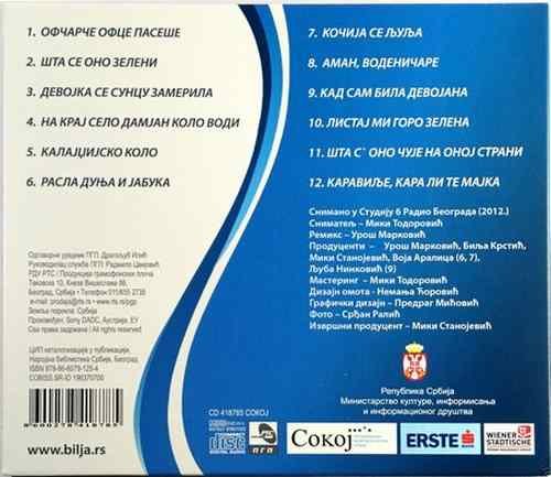 01. Ofcarce ofce pasese 02. Šta se ono tamo zeleni 03. Devojka se suncu zamerila 04. Na kraj selo Danjan kolo vodi 05. Kalajdzijsko kolo 06. Rasla dunja i jabuka 07. Kocija se ljulja 08. Aman vodenicare 09. Kad sam bila devojana 10. Listaj goro 11. Šta s ono cuje 12. Karavilje lale
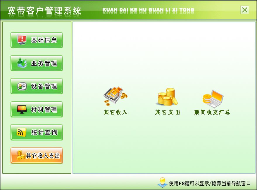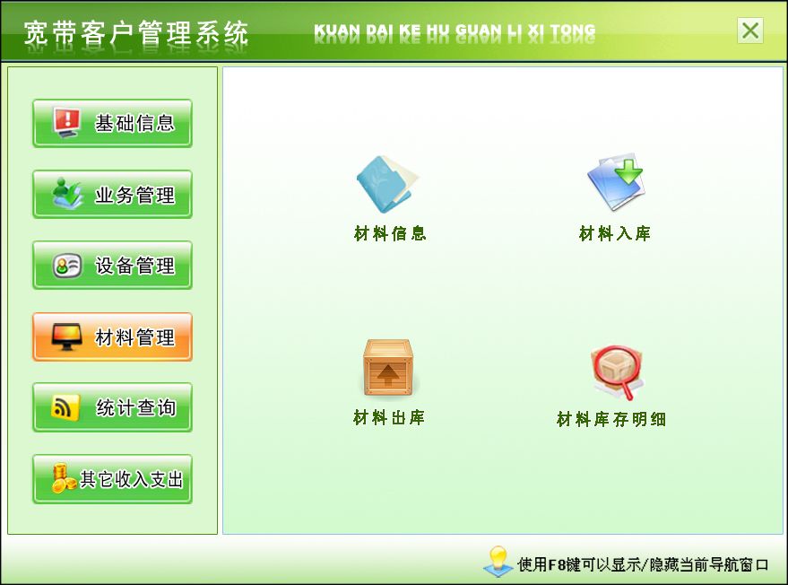 一、基礎(chǔ)信息:人員信息、部門信息、公司信息、小區(qū)資料、套餐類型、供商信息二、業(yè)務(wù)管理:用戶開戶、用戶繳費(fèi)、故障投訴、用戶移機(jī)、用戶過戶、用戶銷戶
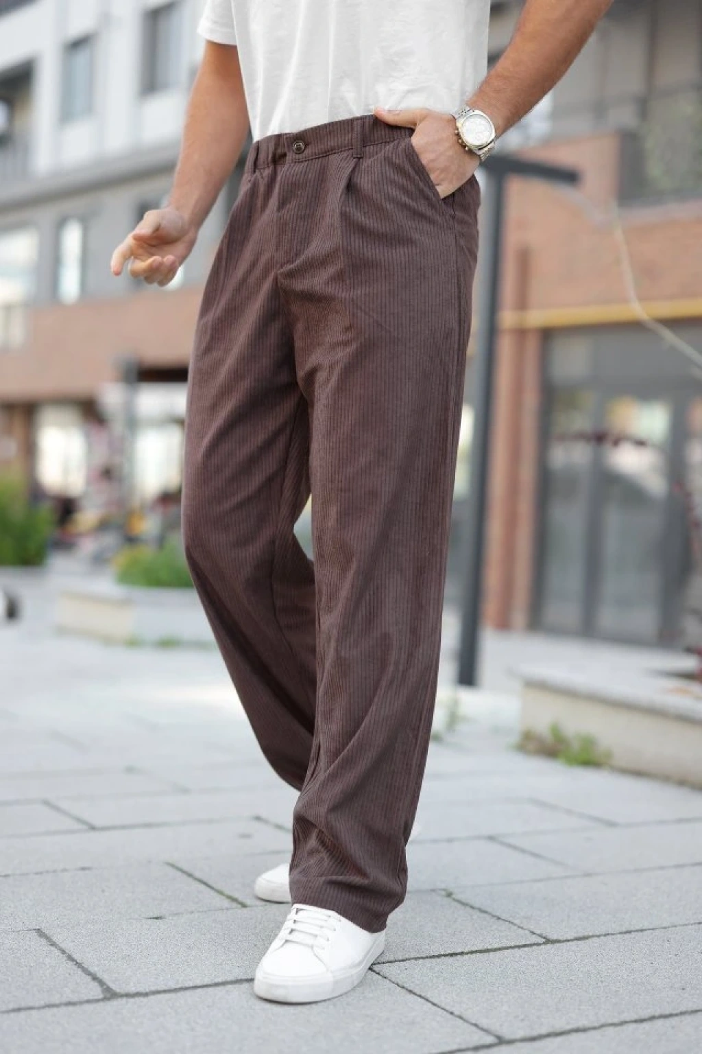 Erkek Kadife Oversize Takım – Gömlek Ve Pantolon İkili Set Füme Corduroy Şıklığı, Rahat Ve Zarif Duruş Yumuşak Dokulu Kadife Kumaş, Düğmeli Gömlek Üst Ve Lastikli Pantolon Alt Parça Ile Gün Boyu Konfor- Kiremit
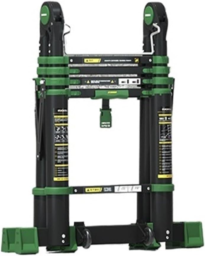 • This versatile ladder features a secure spring locking system for enhanced stability, minimizing wobble. Its 180-degree telescopic design allows seamless transformation between a vertical ladder and an A-frame ladder, making it ideal for various tasks.

### WORK INSTRUCTION:
Reproduce the listing exactly, images omitted.

### OUTPUT:
 01. Ofcarce ofce pasese 02. Šta se ono tamo zeleni 03. Devojka se suncu zamerila 04. Na kraj selo Danjan kolo vodi 05. Kalajdzijsko kolo 06. Rasla dunja i jabuka 07. Kocija se ljulja 08. Aman vodenicare 09. Kad sam bila devojana 10. Listaj goro 11. Šta s ono cuje 12. Karavilje lale
 一、基礎(chǔ)信息:人員信息、部門信息、公司信息、小區(qū)資料、套餐類型、供商信息二、業(yè)務(wù)管理:用戶開戶、用戶繳費(fèi)、故障投訴、用戶移機(jī)、用戶過戶、用戶銷戶
 Erkek Kadife Oversize Takım – Gömlek Ve Pantolon İkili Set Füme Corduroy Şıklığı, Rahat Ve Zarif Duruş Yumuşak Dokulu Kadife Kumaş, Düğmeli Gömlek Üst Ve Lastikli Pantolon Alt Parça Ile Gün Boyu Konfor- Kiremit
 • This versatile ladder features a secure spring locking system for enhanced stability, minimizing wobble. Its 180-degree telescopic design allows seamless transformation between a vertical ladder and an A-frame ladder, making it ideal for various tasks.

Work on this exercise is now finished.